- **Activity**
Please copy, word for word, the line holding "Características: Folhas duplas" and each line that follows it through the end of the entries, omitting any pictures.

- **Records**
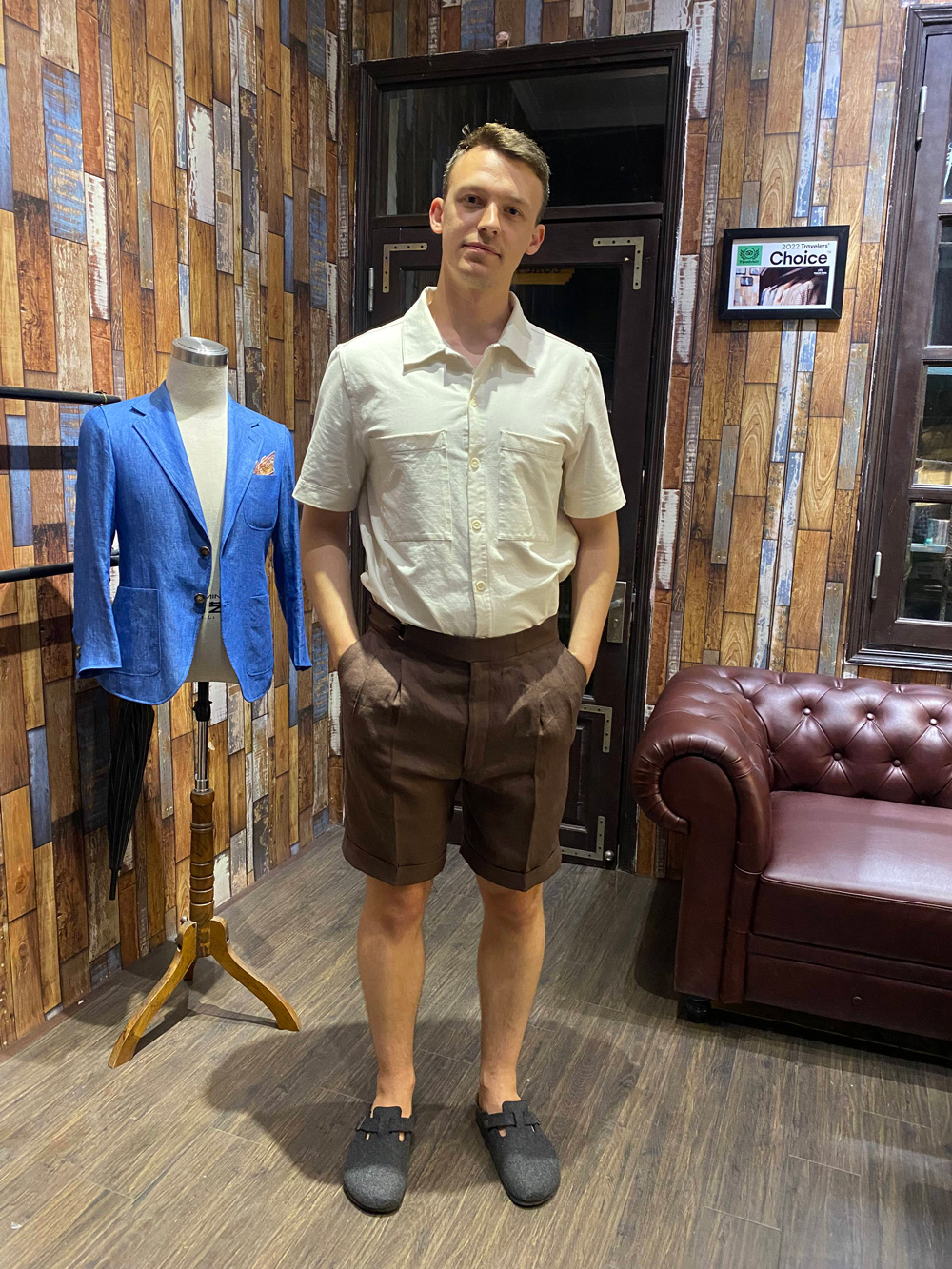 This guy chose a suit and shorts made of brown linen – a fabric that is very easy to wear in the summer
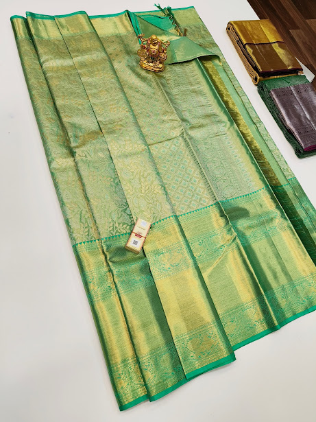 Latest Design Kanjivaram Pure Wedding Silk Saree Teal Green Color w/ Blouse
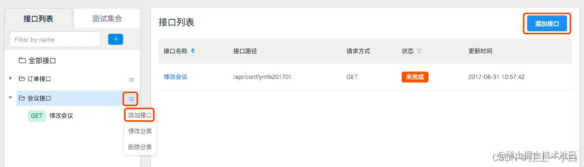 - 支持接口协同状态:未完成+已完成 + 自定义Tag(设计中、开发中、待提测、已发布)
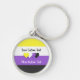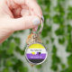 Premium keychain with the non-binary pride flag with little hearts in the centre of the design. Black, purple, white, and yellow flag of the enby pride movement; with an editable text field for your name or message
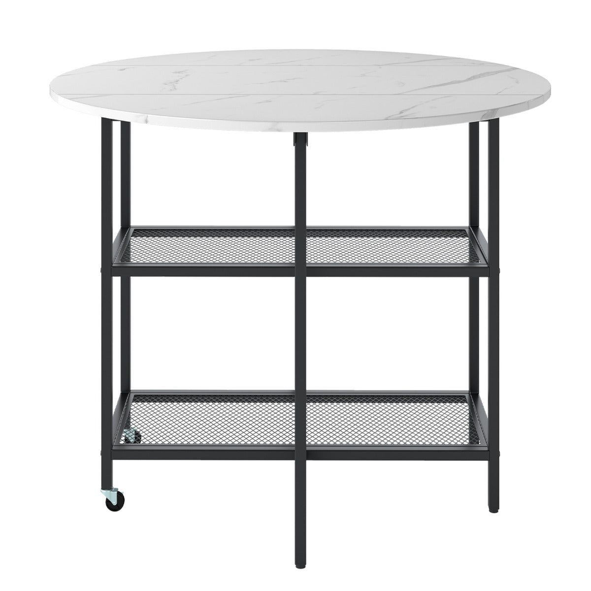 Características: Folhas duplas dobráveis com dobradiças de metal flexível oferecem 3 modos de utilização diferentes; Mesa ampla oferece espaço generoso para 2-4 pessoas jantarem; Prateleiras de armazenamento abertas de 2 níveis mantêm as suas revistas, petiscos e bebidas organizados; 2 rodas com travão garantem um rolamento suave e evitam movimentos indesejados quando bloqueadas; 4 almofadas de pé ajustáveis evitam oscilações em superfícies irregulares e protegem os pavimentos; Estrutura robusta de metal com revestimento em pó para maior durabilidade; O acabamento de mármore falso adiciona um toque de elegância e luxo.
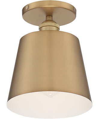 The 7"W Motif 1-Light Close-to-Ceiling fixture by Nuvo Lighting is the epitome of modern elegance. This semi-flush mount light features a sleek, brushed brass finish complemented by white accents, creating a sophisticated look that enhances any space. The conical shape of the brass and white steel shade adds a touch of contemporary design, making it a versatile addition to various interior styles.

- **Your solution**
 Características: Folhas duplas dobráveis com dobradiças de metal flexível oferecem 3 modos de utilização diferentes; Mesa ampla oferece espaço generoso para 2-4 pessoas jantarem; Prateleiras de armazenamento abertas de 2 níveis mantêm as suas revistas, petiscos e bebidas organizados; 2 rodas com travão garantem um rolamento suave e evitam movimentos indesejados quando bloqueadas; 4 almofadas de pé ajustáveis evitam oscilações em superfícies irregulares e protegem os pavimentos; Estrutura robusta de metal com revestimento em pó para maior durabilidade; O acabamento de mármore falso adiciona um toque de elegância e luxo.
 The 7"W Motif 1-Light Close-to-Ceiling fixture by Nuvo Lighting is the epitome of modern elegance. This semi-flush mount light features a sleek, brushed brass finish complemented by white accents, creating a sophisticated look that enhances any space. The conical shape of the brass and white steel shade adds a touch of contemporary design, making it a versatile addition to various interior styles.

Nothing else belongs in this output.